Bet365, a leading online gambling operator, reported a significant loss of £61.2 million for the fiscal year ending on March 26, 2023, in stark contrast to the £42.8 million profit posted the previous year. The company attributed this loss to a surge in costs across its operations.
Direct costs increased by 4.1%, reaching £516.6 million, while administrative expenses soared by 42.2% to £2.93 billion.
Despite these challenges, Bet365 managed to boost its revenue during the same period.
The operating loss for the year amounted to £37.3 million, compared to a profit of £15.4 million in the prior year.
Additionally, there was a £62.6 million loss in fair value on investments, somewhat offset by £27.2 million in interest income.
The pre-tax loss stood at £72.6 million, a significant decline from the previous year’s £49.8 million profit. However, Bet365 was able to recover £3.2 million in tax benefits and £11.4 million from foreign currency translation.
Taking into account other factors, including a £3.2 million loss from the re-evaluation of land and buildings, the company reported a total loss of £61.2 million.
Despite the headline loss, Bet365 achieved substantial revenue growth.
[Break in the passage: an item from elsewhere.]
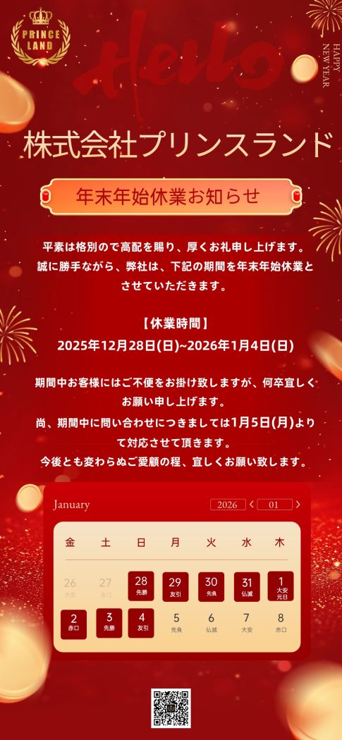 News2021.12.23PrinceLand 正月休みのお知らせ ツイート シェア はてブ 送る Pocket ツイート シェア はてブ 送る Pocket コメントを残す コメントをキャンセルメールアドレスが公開されることはありません。 * が付いている欄は必須項目ですコメント * 名前 * メール * サイト 次回のコメントで使用するためブラウザーに自分の名前、メールアドレス、サイトを保存する。

Sports betting and gaming revenue for the year surged by 18.9% to reach £3.39 billion.
This included a 15.0% increase in sports betting revenue and a remarkable 31% growth in gaming revenue.
The company also welcomed a 29% rise in new customers, albeit lower than the previous year’s 48% increase.
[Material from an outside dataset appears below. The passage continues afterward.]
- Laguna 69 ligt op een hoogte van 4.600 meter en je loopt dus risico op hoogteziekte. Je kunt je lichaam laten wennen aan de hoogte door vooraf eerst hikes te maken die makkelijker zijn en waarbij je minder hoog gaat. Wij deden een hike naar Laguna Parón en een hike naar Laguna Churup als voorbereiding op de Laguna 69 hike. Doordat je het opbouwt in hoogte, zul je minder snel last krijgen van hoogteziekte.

CEO Denise Coates attributed this success to various developments, such as improvements to Bet365’s Bet Builder and Bet Boost products and an expanded trading platform with more in-play and pre-match markets.
Coates highlighted Bet365’s growing presence in the United States, with launches in several states, including Colorado, Ohio, Virginia, Iowa, Kentucky, and Louisiana, as well as a foothold in Ontario, Canada.
Regarding gaming, Coates emphasized the “quality over quantity” approach, citing revenue growth driven by improved localization in key markets, content integration from leading providers, and ongoing optimization of in-house games content.
She also mentioned investments in the proprietary Games Recommendation Engine (GRE) and significant growth in the live casino segment.
Analysts have expressed positivity over Bet365’s revenue growth and evolving customer base, although they noted that the company’s unique selling proposition (USP) is becoming less clear, potentially leading to faster cost increases relative to revenue growth.
The future direction of Bet365, whether focused on regenerative M&A or as a reliable cash machine, remains a significant question in the gambling industry.
Bet365’s focus continues to be on expanding its presence in regulated markets worldwide, with a commitment to pursuing licenses in commercially viable regions and actively engaging with regulators to ensure compliance and long-term growth.